Step 1: Determine if the Reaction is Exothermic or Endothermic

A reaction is exothermic if it releases energy to the surroundings. In this case, the reaction is known to release 190 kJ of energy. Therefore, the reaction is exothermic.

Step 2: Determine the Temperature Change of the Water Bath

Since the reaction is exothermic, it releases heat to the surroundings. The water bath, being part of the surroundings, will absorb this heat, causing its temperature to go up.

Step 3: Determine the Movement of the Piston

The system does 153 kJ of work on the piston. When work is done by the system on the surroundings, it typically involves expansion, meaning the piston moves out.

Step 4: Determine the Direction of Heat Flow

In an exothermic reaction, heat flows out of the system. Therefore, heat flows out of the gas mixture.

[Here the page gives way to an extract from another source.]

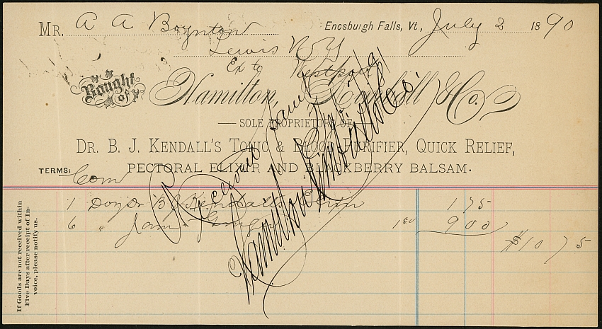 A Kendall receipt for Pectoral Elixir and Blackberry Balsam, 1890.

Step 5: Calculate the Amount of Heat Flow

Using the first law of thermodynamics, which states that the change in internal energy (\(\Delta U\)) is equal to the heat added to the system (\(q\)) minus the work done by the system (\(w\)), we have: \[ \Delta U = q - w \] Given that the reaction releases 190 kJ of energy, this is the change in internal energy (\(\Delta U = -190 \, \text{kJ}\)), and the work done by the system is 153 kJ (\(w = 153 \, \text{kJ}\)), we can solve for \(q\): \[ -190 = q - 153 \] \[ q = -190 + 153 = -37 \, \text{kJ} \] The negative sign indicates that 37 kJ of heat flows out of the system.

Final Answer

  • The reaction is \(\boxed{\text{exothermic}}\).
  • The temperature of the water bath goes \(\boxed{\text{up}}\).
  • The piston moves \(\boxed{\text{out}}\).
  • Heat flows \(\boxed{\text{out}}\) of the gas mixture.
  • The amount of heat that flows is \(\boxed{37 \, \text{kJ}}\).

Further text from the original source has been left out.